→ Assignment
The first line of the entries and each line after it, through the one that contains "Молочко кремообразной, очень", are to be duplicated exactly; no picture belongs in the copy.

→ Exercise data
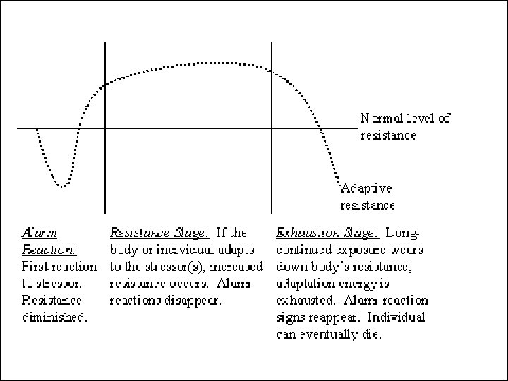 General Adaptation Syndrome n General Adaptation Syndrome: The three stages the body goes through in “fight or flight” mode or during times of stress. ¨ Alarm (Fight or Flight) Reaction: Norepinephrine and epinephrine are released to arouse the body. n Blood glucose, aldosterone, and angiotension levels increase. ¨ Resistance Reaction: If stress continues, cortisol is increased to break down fats & proteins to glucose for instant energy. ¨ Exhaustion: If the stress still continues, cortisol levels become too high and cause headache, ulcers, & immune compromise.
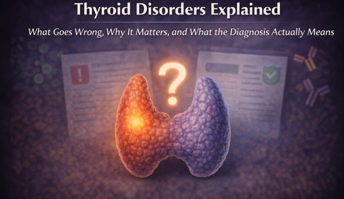 This article covers the full landscape of thyroid disorders – how the thyroid works, what the major conditions are, how each is caused, what symptoms they produce, and how they’re diagnosed.
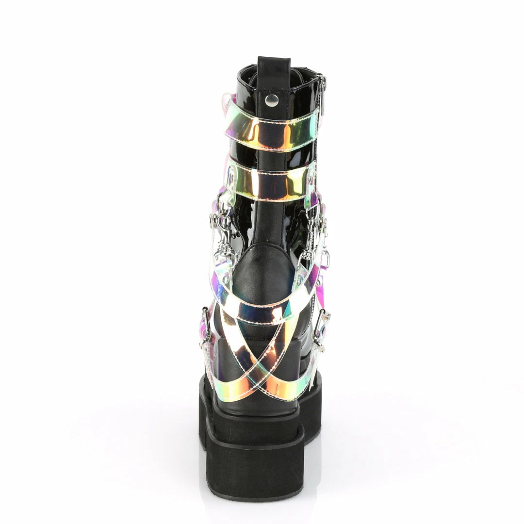 5″ (127mm) Triple Tiered Wedge Cutout PF Lace-Up Front Mid-Calf Boot Featuring Magic Mirror PVC Harness w/ Hanging Bondage Straps, Metal Inner Side Zip Closure
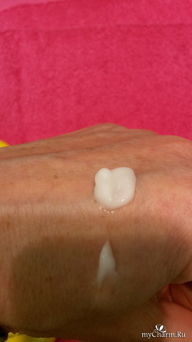 Молочко кремообразной, очень нежной консистенции. Пахнет просто изумительно, с легкими нотками цитрусовых. Флакон закрывается белой крышечкой, не съемной, а зафиксированной, что очень удобно, не будет падать.
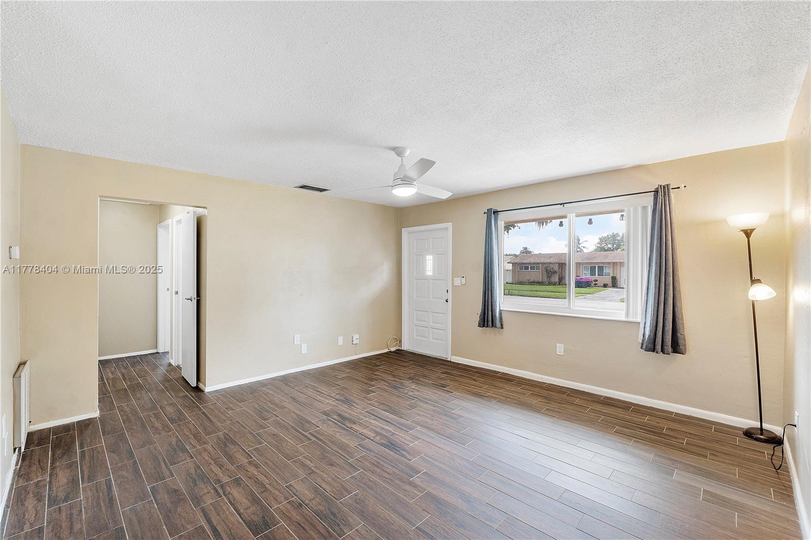 Ideal single-family home for buyers prioritizing affordability or investors looking for a turnkey rental opportunity with no hoa and no restrictions. this home has a brand new roof (april – may 2025) and impact doors & windows throughout (april – may 2025), as well as a large back yard and screened-in back porch. featuring updated ceramic wood-look tile flooring throughout and updated vanities in both bathrooms, this property has a circular pull-through driveway capable of accommodating four cars. conveniently located west of university drive in sunrise, this charming property offers a rare opportunity to acquire an updated single-family home in south florida for under $400k.Single Family House 2 bedrooms - SUNRISE GOLF VILLAGE
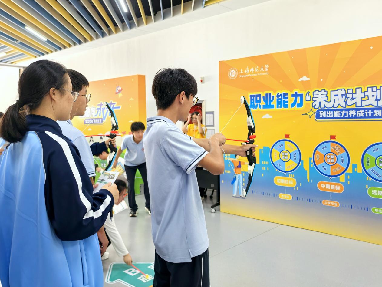 活动在上海师范大学美丽的校园中拉开帷幕。学生们以小组为单位,兴致勃勃地穿梭于各个精心设计的活动摊位之间,参加不同的活动。通过专业的职业兴趣测评和模拟场景,学生们与在校大学生和志愿者交流,深入了解不同职业的工作内容、能力要求与发展前景,认真聆听优秀学长学姐或行业代表的分享,从他们真实的成长故事和奋斗经历中汲取力量。
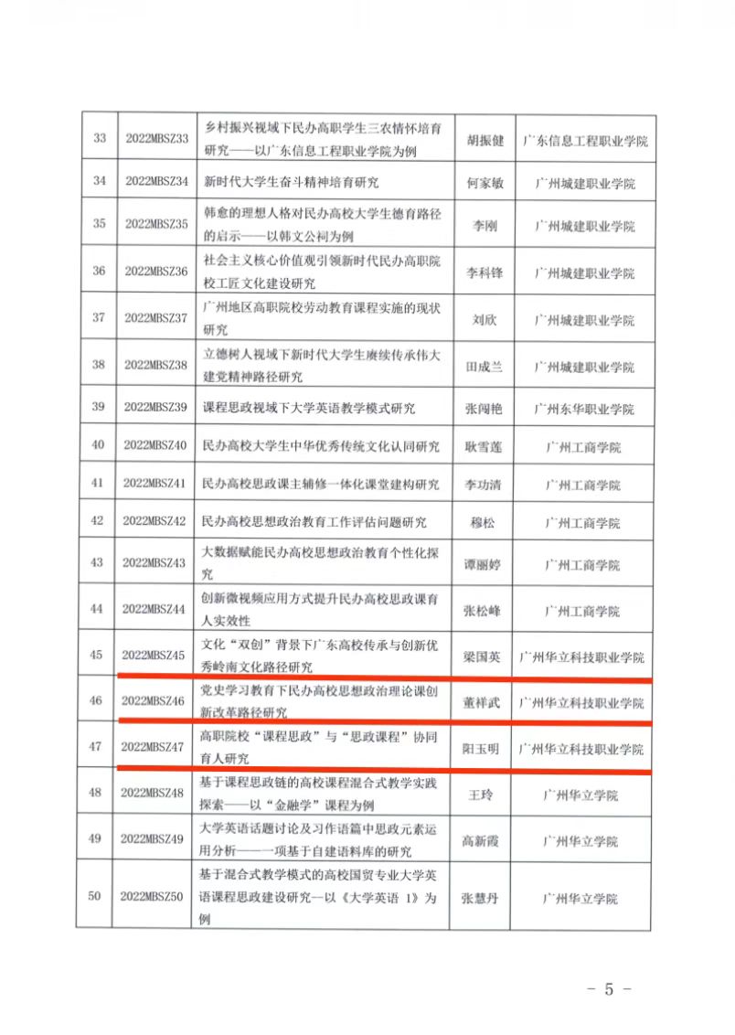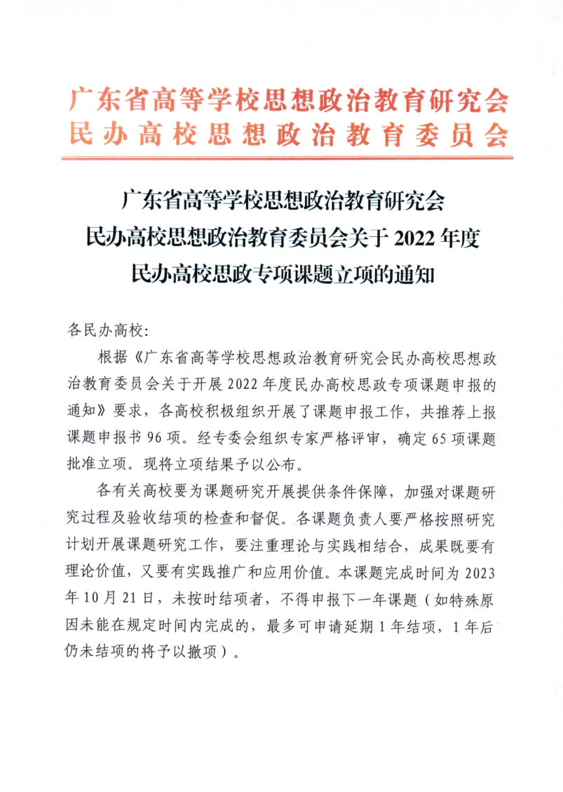 近日,广东省高等学校思想政治教育研究会民办高校思想政治教育委员会发布了关于2022年度民办高校思政专项课题立项的通知,经各高校积极组织申报,共推荐上报课题申报书96项。由各专委会组织专家严格评审,确定65项课题批准立项。我校马克思主义学院梁国英老师、董祥武老师、阳玉明老师申报的课题获得立项,项目批准号分别为2022MBSZ45、2022MBSZ46、2022MBSZ47。

→ Task response
 General Adaptation Syndrome n General Adaptation Syndrome: The three stages the body goes through in “fight or flight” mode or during times of stress. ¨ Alarm (Fight or Flight) Reaction: Norepinephrine and epinephrine are released to arouse the body. n Blood glucose, aldosterone, and angiotension levels increase. ¨ Resistance Reaction: If stress continues, cortisol is increased to break down fats & proteins to glucose for instant energy. ¨ Exhaustion: If the stress still continues, cortisol levels become too high and cause headache, ulcers, & immune compromise.
 This article covers the full landscape of thyroid disorders – how the thyroid works, what the major conditions are, how each is caused, what symptoms they produce, and how they’re diagnosed.
 5″ (127mm) Triple Tiered Wedge Cutout PF Lace-Up Front Mid-Calf Boot Featuring Magic Mirror PVC Harness w/ Hanging Bondage Straps, Metal Inner Side Zip Closure
 Молочко кремообразной, очень нежной консистенции. Пахнет просто изумительно, с легкими нотками цитрусовых. Флакон закрывается белой крышечкой, не съемной, а зафиксированной, что очень удобно, не будет падать.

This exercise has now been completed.